§ Activity: In the records below, find the line with "home不是你首页的渲染吗?", then retype it and every following line exactly, stopping after the line with "Glowing Cinder is". Leave the pictures out.

[Dataset items]
━━━━
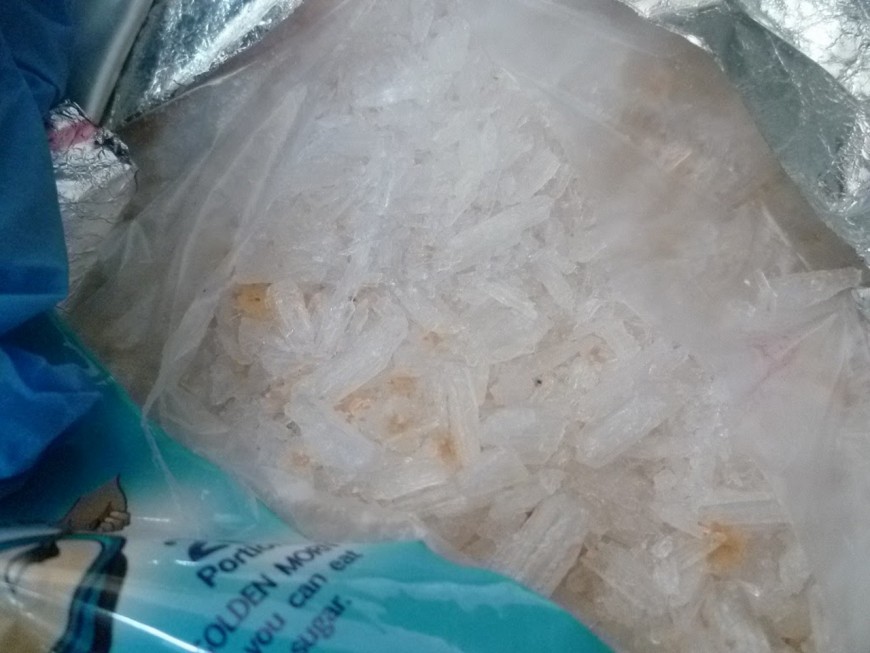 Pas moins de 8,080 kilos de cette drogue de synthèse puissante ont été retrouvés. La marchandise était conditionnée dans des paquets enroulés de scotch et dissimulés dans le double fond d'une valise.
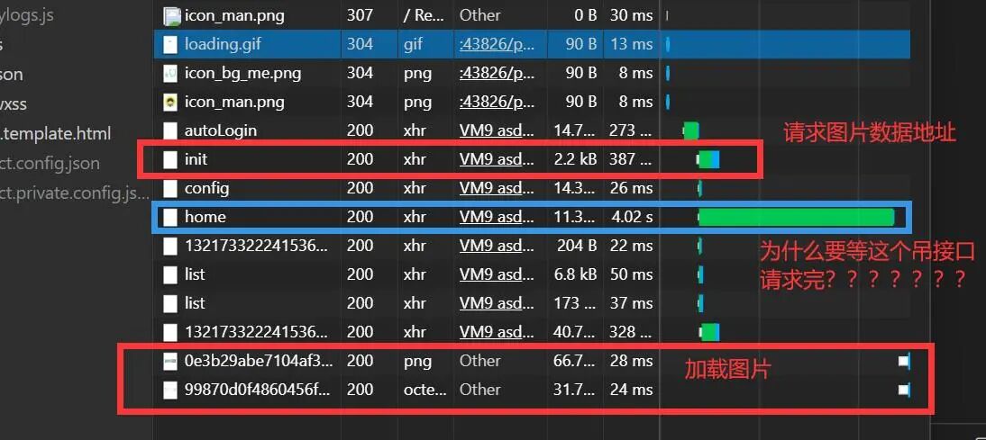 home不是你首页的渲染吗?下面两个图片是不是通过JS请求的外部地址,所以在首页渲染完后执行。不过你这个开屏4秒属实页有点慢了。
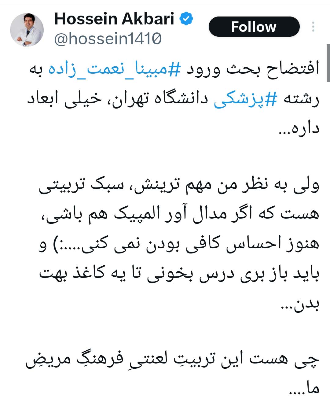 مبینا نعمتزاده تاکید کرده که پس از کسب مدال برنز المپیک پاریس و ارائه درخواست حمایت، منظورش از سهمیه دانشگاه، رشته پزشکی بوده است و نه رشته تربیت بدنی.
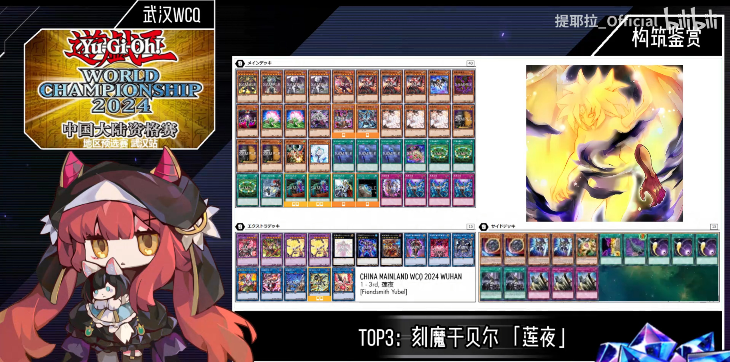 莲夜选手使用刻魔于贝尔在一大堆蛇眼之中杀出重围夺得前三甲的成绩,整体构筑采用了压缩40卡来期待展开部件的稳定上手以及增加换备牌后的side上手率。杭州给趣卡牌发表了莲夜选手的构筑思路分享,内容特别详细,可自行前往浏览学习。
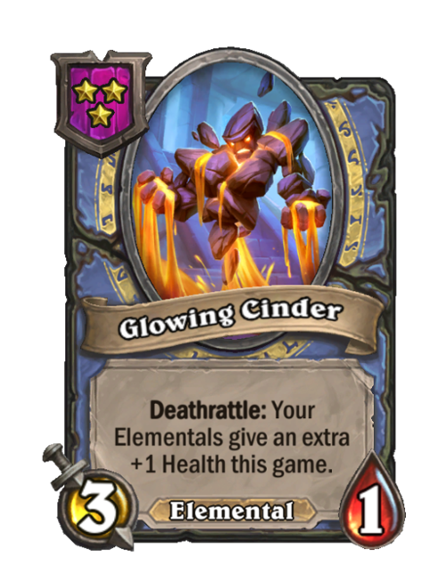 Glowing Cinder is a Tier 3 Elemental Minion in Hearthstone Battlegrounds with 3/1 stats featuring Deathrattle. Effect: Deathrattle: Your Elementals that give stats grant an extra +1 Attack this game. This card is no longer in the pool (Legacy).
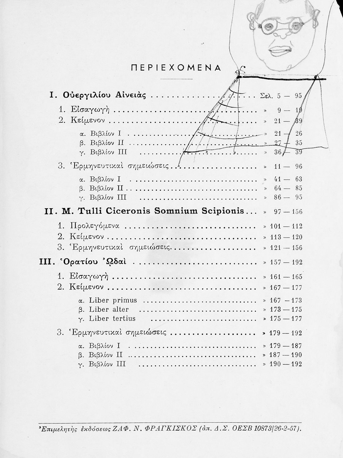 Σχολικό εγχειρίδιο Λατινικών που περιέχει αποσπάσματα από έργα τριών Λατίνων συγγραφέων, βιογραφικά σημειώματα των συγγραφέων, εισαγωγικά σχόλια, και ερμηνευτικές παρατηρήσεις.
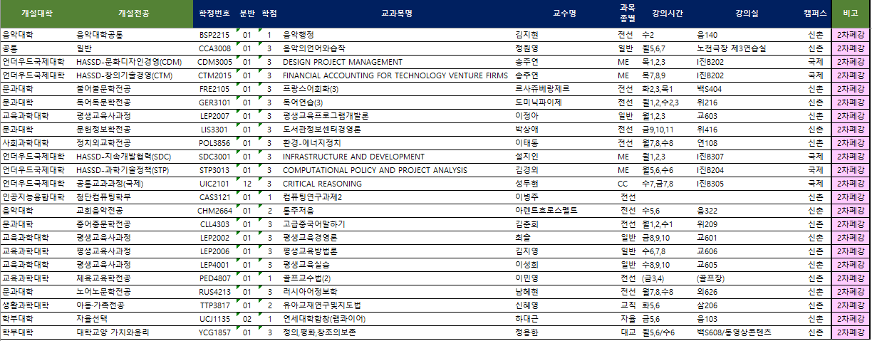 홈 yonsei-main 일반 2026학년도 1학기 학부 수강인원 미달 폐강 교과목 안내 (최종) yonsei-main 일반 교무처 학사지원팀 2026학년도 1학기 학부 수강인원 미달 폐강 교과목 안내 (최종) 작성자: 교무처 학사지원팀 게시일: 2026. 3. 6. 오후 12:10:01 2026학년도 1학기 개설과목 중 다음 과목은 수강신청인원 미달로 폐강되었음을 알려드리오니, 남은 수강변경기간 (~3.9.월. 17:00)을 이용하여 변경하시기 바랍니다.
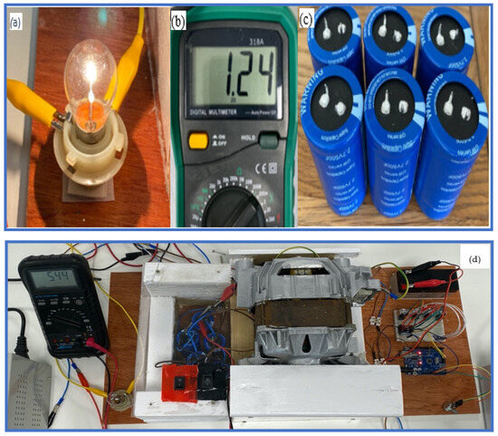 Experimental resources: (a) a 12 V 22 W bulb load, (b) a 12 V bulb’s current rated using a meter, (c) a supercapacitor bank and (d) the experimental setup showing the red switch, black switch, DC motor, light bulb, Multimeter, testing terminals, connection cables and the circuit board.
━━━━
§ Solution for this problem:
 home不是你首页的渲染吗?下面两个图片是不是通过JS请求的外部地址,所以在首页渲染完后执行。不过你这个开屏4秒属实页有点慢了。
 مبینا نعمتزاده تاکید کرده که پس از کسب مدال برنز المپیک پاریس و ارائه درخواست حمایت، منظورش از سهمیه دانشگاه، رشته پزشکی بوده است و نه رشته تربیت بدنی.
 莲夜选手使用刻魔于贝尔在一大堆蛇眼之中杀出重围夺得前三甲的成绩,整体构筑采用了压缩40卡来期待展开部件的稳定上手以及增加换备牌后的side上手率。杭州给趣卡牌发表了莲夜选手的构筑思路分享,内容特别详细,可自行前往浏览学习。
 Glowing Cinder is a Tier 3 Elemental Minion in Hearthstone Battlegrounds with 3/1 stats featuring Deathrattle. Effect: Deathrattle: Your Elementals that give stats grant an extra +1 Attack this game. This card is no longer in the pool (Legacy).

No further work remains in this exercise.